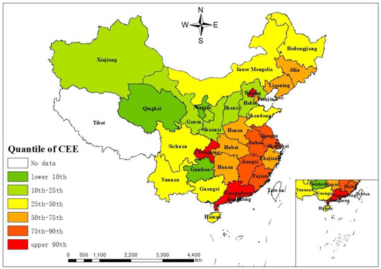 Based on Equation (6), this paper obtains the CEEs of 30 provinces in China from 2000 to 2019. The average value is only 0.172, thus indicating that the overall level of CEE is still low. Furthermore, according to the average of CEE, we choose five representative quantiles of 10%, 25%, 50%, 75%, and 90% and divide the 30 provinces into six groups (see Figure 1 and Table A2). It can be seen that roughly half of the provinces are below average, most of which are in the western region, and only Beijing, Guangdong, and Chongqing have efficiency values above the 90th quantile. From the perspective of regional distribution, provinces with higher efficiency are generally concentrated in eastern China, especially in the southeast region, and their efficiency values are significantly higher than those in the northwest region. In contrast, most northern provinces have low efficiency, especially those in the northwest, which demonstrates that there is an obvious imbalance in CEE across provinces and the spatial characteristics are very obvious.
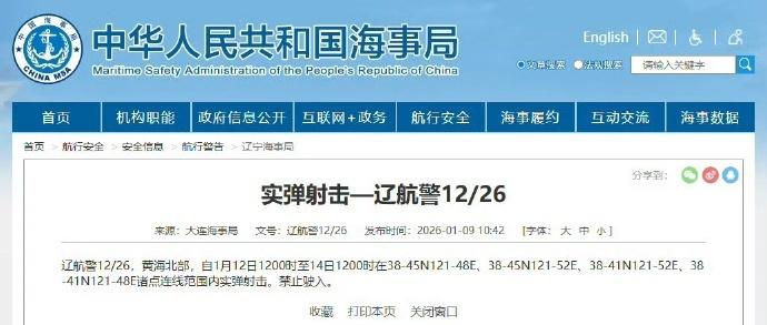 航行警告!黄海北部部分海域实弹射击中国海事局网站 2026-01-12 14:43:08据中国海事局网站消息,大连海事局发布航行警告,1月12日12时至14日12时,黄海北部部分海域实弹射击,禁止驶入。(中国海事局网站)责任编辑:房超
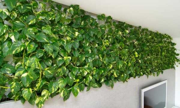 Немного проще создавать композиции из вьющихся растений. Их высаживают в длинную емкость, привязывают леску, и по ней распределяют плети. Правильно подобранные растения смотрятся замечательно. Единственный минус — растет «декор» долго.
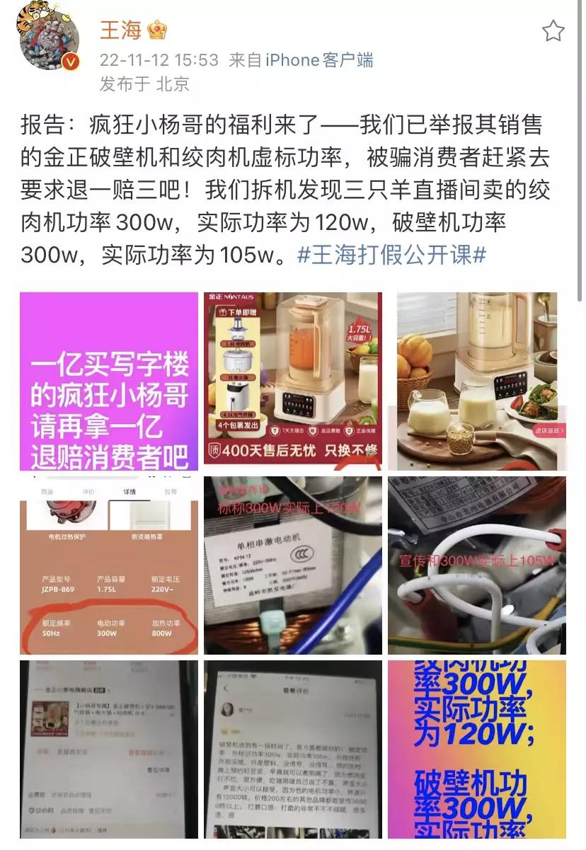 然而后脚,紧跟着就是知名打假人王海在抖音上发布视频表示,疯狂小杨哥的三只羊直播间里,售卖的金正破壁机和绞肉机,均为虚标功率参数。
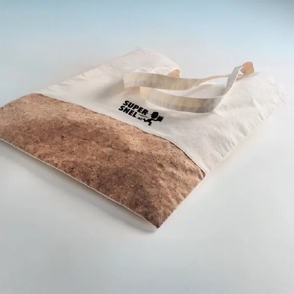 Onze katoenen boodschappentas met kurkdetail aan de onderzijde biedt een stijlvolle en duurzame oplossing voor je dagelijkse boodschappen. Met lange hengsels is deze tas comfortabel te dragen, zowel in de hand als over de schouder.
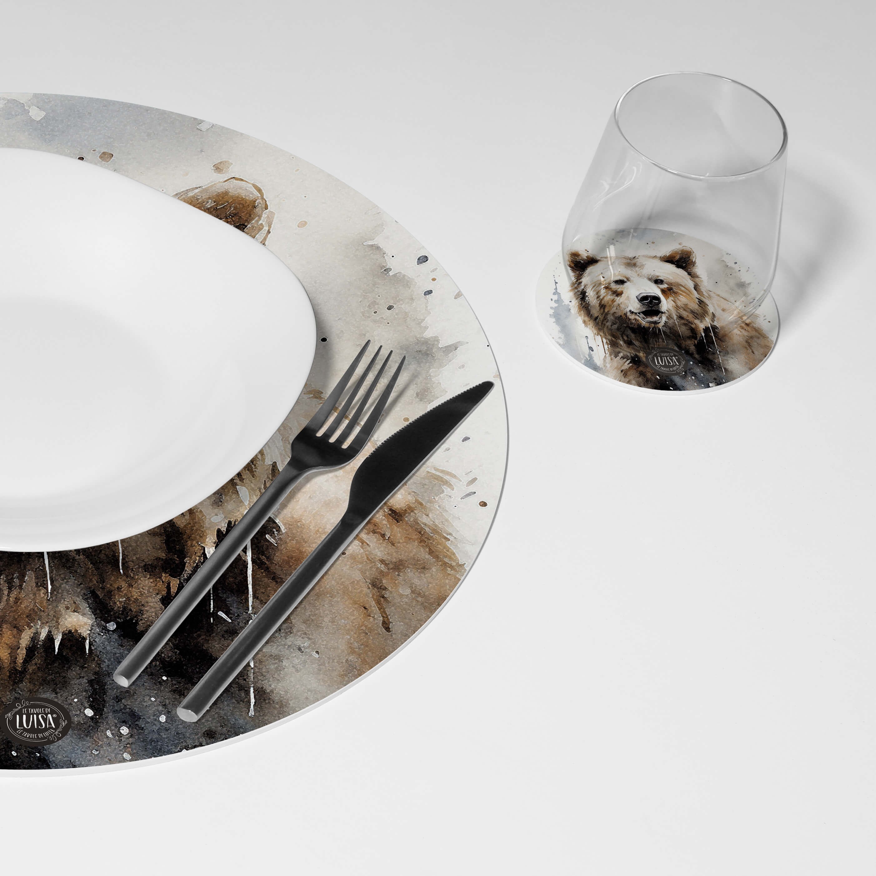 Kit 6 sottopiatti e 6 sottobicchieri "Orso Bruno"
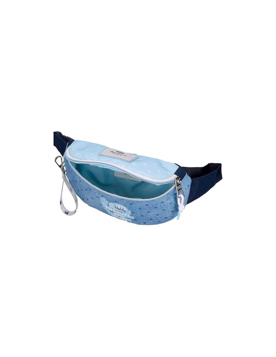 Riñonera de 34 cm x 13 cm x 7 cm fabricada en poliéster.
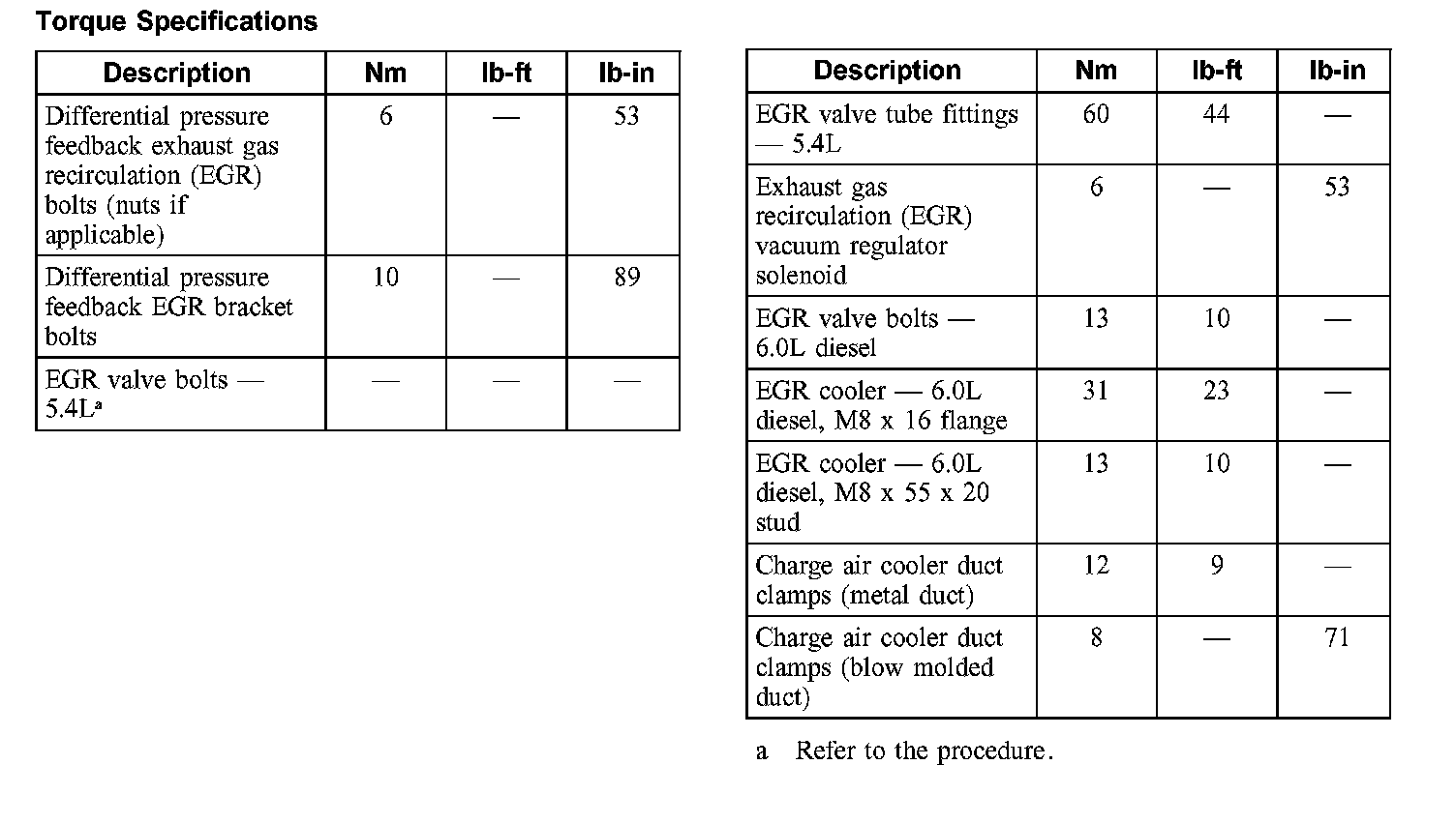 Torque Specifications:

§

Exercise aim: Leave the pictures behind and transcribe every record above exactly.

Written solution:
 Based on Equation (6), this paper obtains the CEEs of 30 provinces in China from 2000 to 2019. The average value is only 0.172, thus indicating that the overall level of CEE is still low. Furthermore, according to the average of CEE, we choose five representative quantiles of 10%, 25%, 50%, 75%, and 90% and divide the 30 provinces into six groups (see Figure 1 and Table A2). It can be seen that roughly half of the provinces are below average, most of which are in the western region, and only Beijing, Guangdong, and Chongqing have efficiency values above the 90th quantile. From the perspective of regional distribution, provinces with higher efficiency are generally concentrated in eastern China, especially in the southeast region, and their efficiency values are significantly higher than those in the northwest region. In contrast, most northern provinces have low efficiency, especially those in the northwest, which demonstrates that there is an obvious imbalance in CEE across provinces and the spatial characteristics are very obvious.
 航行警告!黄海北部部分海域实弹射击中国海事局网站 2026-01-12 14:43:08据中国海事局网站消息,大连海事局发布航行警告,1月12日12时至14日12时,黄海北部部分海域实弹射击,禁止驶入。(中国海事局网站)责任编辑:房超
 Немного проще создавать композиции из вьющихся растений. Их высаживают в длинную емкость, привязывают леску, и по ней распределяют плети. Правильно подобранные растения смотрятся замечательно. Единственный минус — растет «декор» долго.
 然而后脚,紧跟着就是知名打假人王海在抖音上发布视频表示,疯狂小杨哥的三只羊直播间里,售卖的金正破壁机和绞肉机,均为虚标功率参数。
 Onze katoenen boodschappentas met kurkdetail aan de onderzijde biedt een stijlvolle en duurzame oplossing voor je dagelijkse boodschappen. Met lange hengsels is deze tas comfortabel te dragen, zowel in de hand als over de schouder.
 Kit 6 sottopiatti e 6 sottobicchieri "Orso Bruno"
 Riñonera de 34 cm x 13 cm x 7 cm fabricada en poliéster.
 Torque Specifications:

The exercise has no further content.